The second core objective was to evaluate the mechanical, physical, and thermal properties of WPC obtained from blending Paulownia wood flour with high density polyethylene because there have been relatively few studies of the use of Paulownia wood (PW) as a fiber reinforcement for thermoplastics.10,43,44’69 There is interest in using Paulownia wood flour derived from juvenile trees since small diameter short — rotation woody crop trees are likely to be a source of woody biomass needed by the US in the future.
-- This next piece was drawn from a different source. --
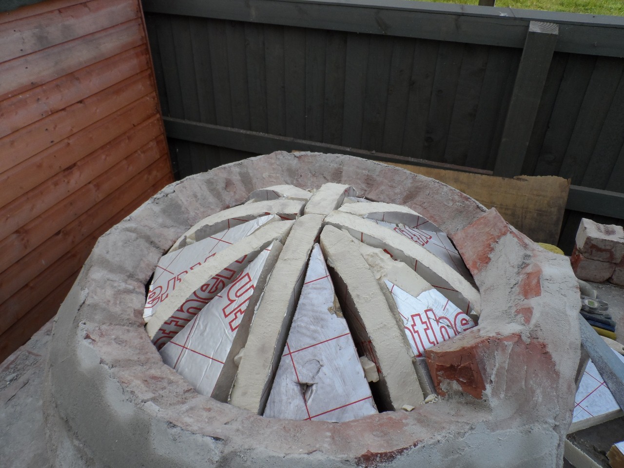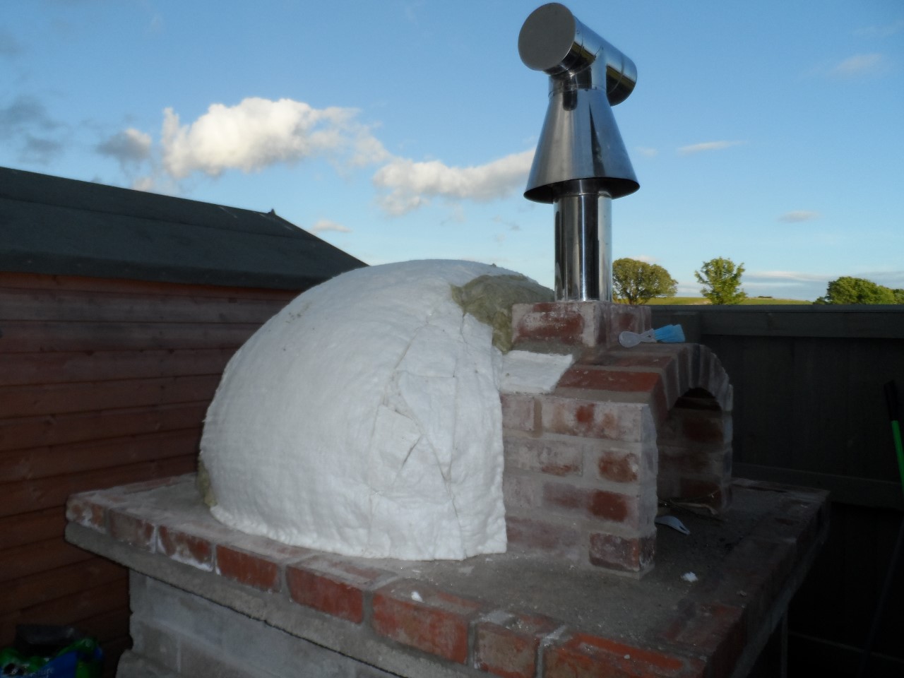 tonight i have insulated the dome, not as bad as i thought it was going to be! i ended up cutting triangles out and the pinning back together with bits of wire, worked rather well! ive got 4 inch of ceramic blanket, the last layer is abit patchwork in places and i had to use a little bit of rockwool to finish off as i had used every scrap of the CB!

This study used PW flour derived from juvenile tree biomass (i. e., 36-month-old). The use of a maleate PE was employed as part of the scope of the project. Further, because chemical modification through acetylation or malation of filler materials may affect the performance of reinforcement, the mechanical and flexural properties of WPC derived from PW that had been acetylated and acety — lated/maleate was examined.

The third core objective was an evaluation of the physical and mechanical prop­erties of “mixed” composites composed of DDGS mixed with pine wood (PINEW) was conducted due to their relatively unique chemical make-up. The mechanical and flexural properties of these composites were benchmarked to formulations con­taining just PINEW or DDGS as well as to neat HDPE. The mechanical property outcomes were normalized to the control HDPE for ease of assessing the benefit of various filler treatments.

Because bio-composites are subject to degradation by water, water immersion tests were administered on tensile bars composites to evaluate their environmental durability. Weights, thickness, and mechanical properties were measured before and after the immersion tests. Finally, because bio-fiber materials are sensitive to heat exposure during processing, differential scanning calorimetry and thermogravimet­ric analysis were conducted on DDGS, PW, and PINEW composites to evaluate their thermal properties to assess any implications of processing on these materials.